Classification diagram
Figure1: classification diagram where each circle represents a functional module. Relationships between MGEs and modules is shown by the coloured arrows.

    The modules definition will be the next development step. It will be based on the analysis of protein families in order to define groups of proteins common or specific to MGEs.

Database searches

    The functional annotation process requires in part sequence similarity information collected from various public sequence databases. Sequence similarity detection is performed through two approaches: a single sequence and a sequence family approach.

    The first one consists in detecting sequence similarities in NCBI-NRDB (Benson, 2003), SCOP (Andreeva, 2004) and SwissProt (Boeckmann, 2003) databases for each individual sequence. A first search is performed using Blastp (Altschul, 1997) with an E-value score threshold of 10E-10. This will be the default result displayed for proteins having hits with Blastp. A second round of searches is made using PSI-Blast. This search consists in a several steps: 1) Construction of a version of the NCBI-NRDB with at most 90% sequence identity using the cd-hit program (Li, 2006). This DB is called NRDB90 2) Construiction of PSSMs for each sequence using 3 iterations against the NRDB90. 3) Using the PSSMs for one iteration against the NCBI-NRDB, SCOP and SwissProt with an E-value score threshold of 0.001. Proteins lacking results from Blastp but having hits with this procedure will report them on the ACLAME web site.

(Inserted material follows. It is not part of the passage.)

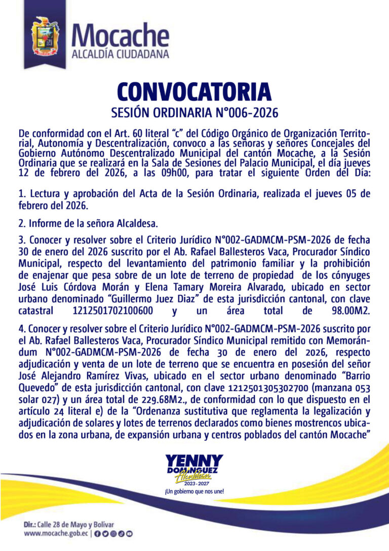 CONVOCATORIA SESIÓN ORDINARIA N°006-2026

    The second approach allows searching similar sequences to a given ACLAME family. The procedure being used is:

  1. Build a multiple sequence alignment with the MUSCLE program (Edgar, 2004) for each ACLAME family.
  2. Use the multiple alignments as input to the hmmbuild and hmmcalibrate programs from the HMMer package (Eddy, 1998, see also http://hmmer.wustl.edu) for Hidden Markov Model building.
  3. The HMMs are then used to search for homologs in SCOP (Andreeva, 2004), NCBI-NRDB (Benson, 2003) and SwissProt (Boeckmann, 2003) sequence databases using HMMer hmmsearch program.

References

  • Altschul, S.F., Madden, T.L., Schaffer, A.A., Zhang, J., Zhang, Z., Miller, W. and Lipman, D.J. (1997) Nucleic Acids Res, 25, 3389-3402.
  • Benson, D.A., Karsch-Mizrachi, I., Lipman, D.J., Ostell, J. and Wheeler, D.L. (2003) Nucleic Acids Res, 31, 23-27.
  • Boeckmann, B., Bairoch, A., Apweiler, R., Blatter, M.C., Estreicher, A., Gasteiger, E., Martin, M.J., Michoud, K., O'Donovan, C., Phan, I. et al. (2003) Nucleic Acids Res, 31, 365-370.
  • Chandonia, J.M., Walker, N.S., Lo Conte, L., Koehl, P., Levitt, M. and Brenner, S.E. (2002) Nucleic Acids Res, 30, 260-263.
  • Eddy, S.R. (1998) Bioinformatics, 14, 755-763.
  • van Dongen, S. (2000) Graph Clustering by Flow Simulation. PhD thesis, University of Utrecht, May 2000.
  • Higgins, D.G., Bleasby, A.J. and Fuchs, R. (1992) Comput Appl Biosci, 8, 189-191.
  • Andreeva A., Howorth D., Brenner S.E., Hubbard T.J.P., Chothia C., Murzin A.G. (2004) Nucl. Acid Res. 32, D226-D229.
  • Li, W. and Godzik, A. (2006) Bioinformatics, 22, 1658-9.
  • Edgar, R.C. (2004) Nucleic Acids Research 32(5), 1792-97.